Exercise description –
What you write must match, character for character, the lines from the one with "Nosilci praporjev in" down to the one with "entries, or offices." in the listing below, minus its pictures.

Provided data –
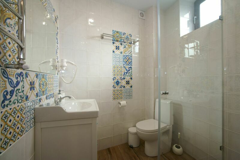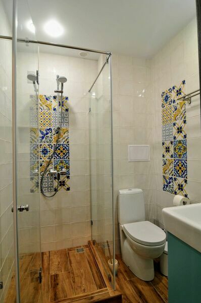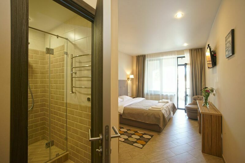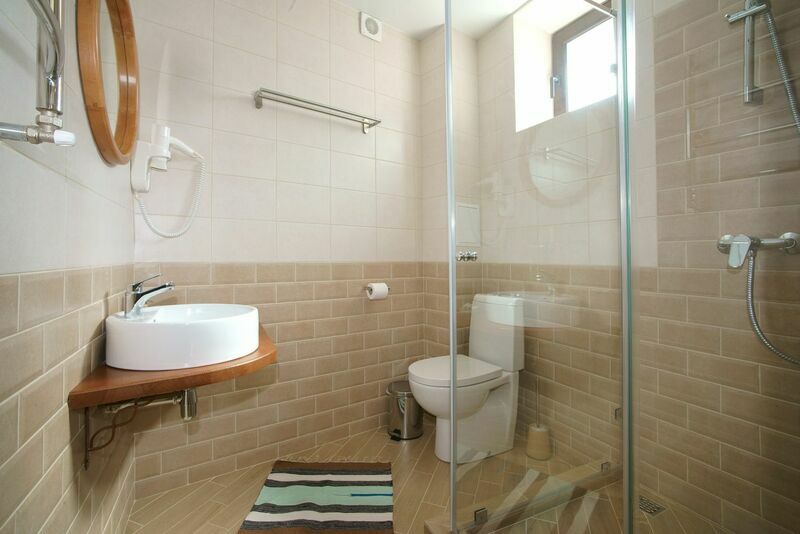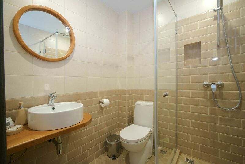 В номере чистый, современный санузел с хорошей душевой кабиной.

...

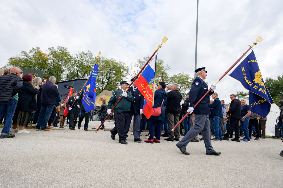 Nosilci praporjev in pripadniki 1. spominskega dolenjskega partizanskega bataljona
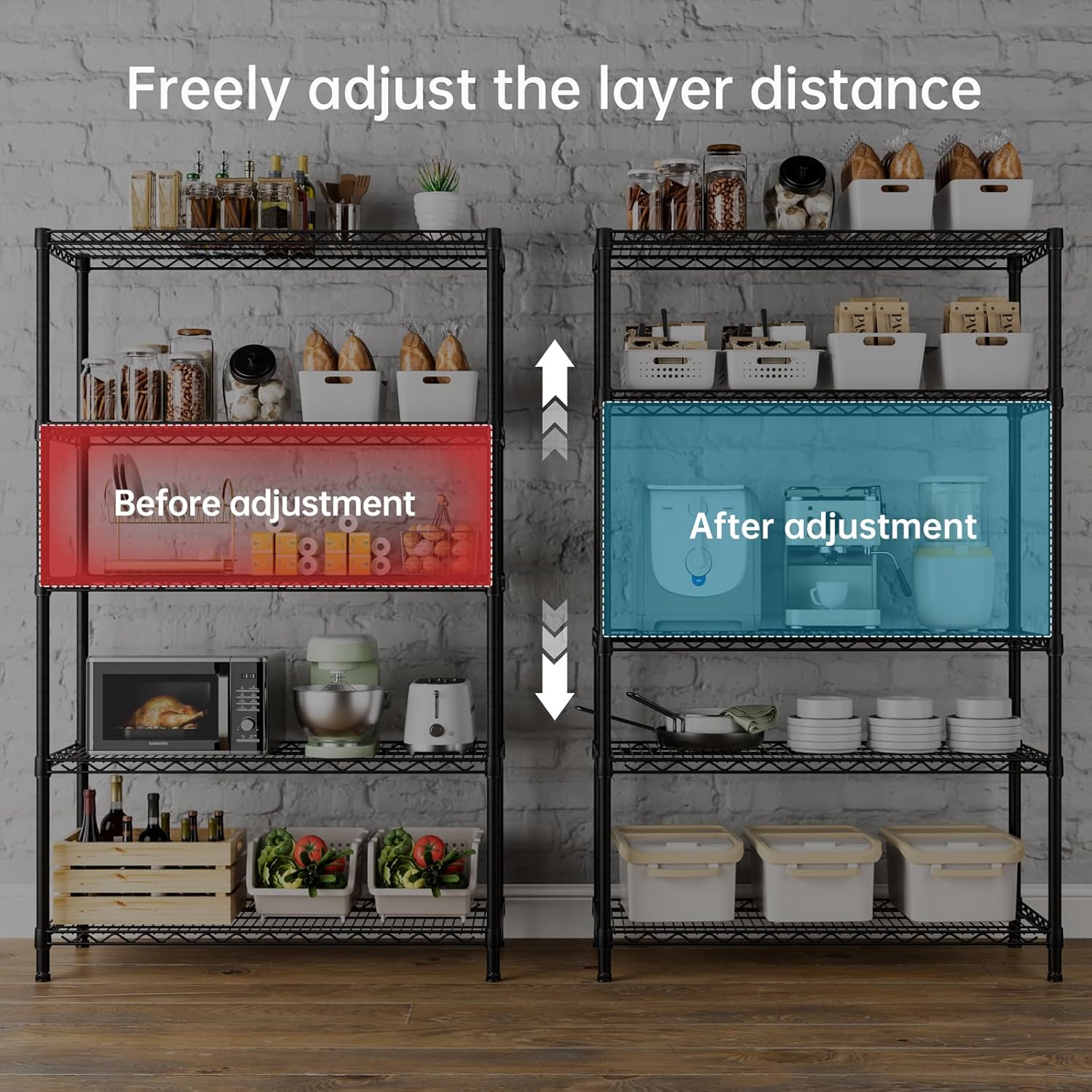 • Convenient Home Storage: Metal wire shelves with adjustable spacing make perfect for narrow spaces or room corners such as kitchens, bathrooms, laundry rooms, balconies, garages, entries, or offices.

* * *

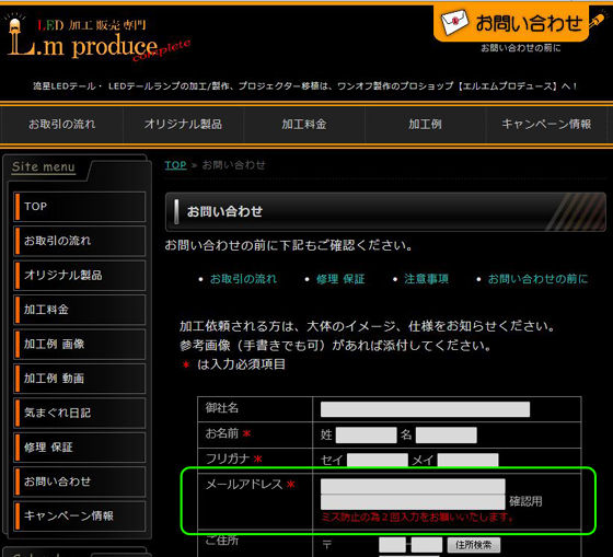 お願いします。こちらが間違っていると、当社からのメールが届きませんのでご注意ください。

Exercise solution –
 Nosilci praporjev in pripadniki 1. spominskega dolenjskega partizanskega bataljona
 • Convenient Home Storage: Metal wire shelves with adjustable spacing make perfect for narrow spaces or room corners such as kitchens, bathrooms, laundry rooms, balconies, garages, entries, or offices.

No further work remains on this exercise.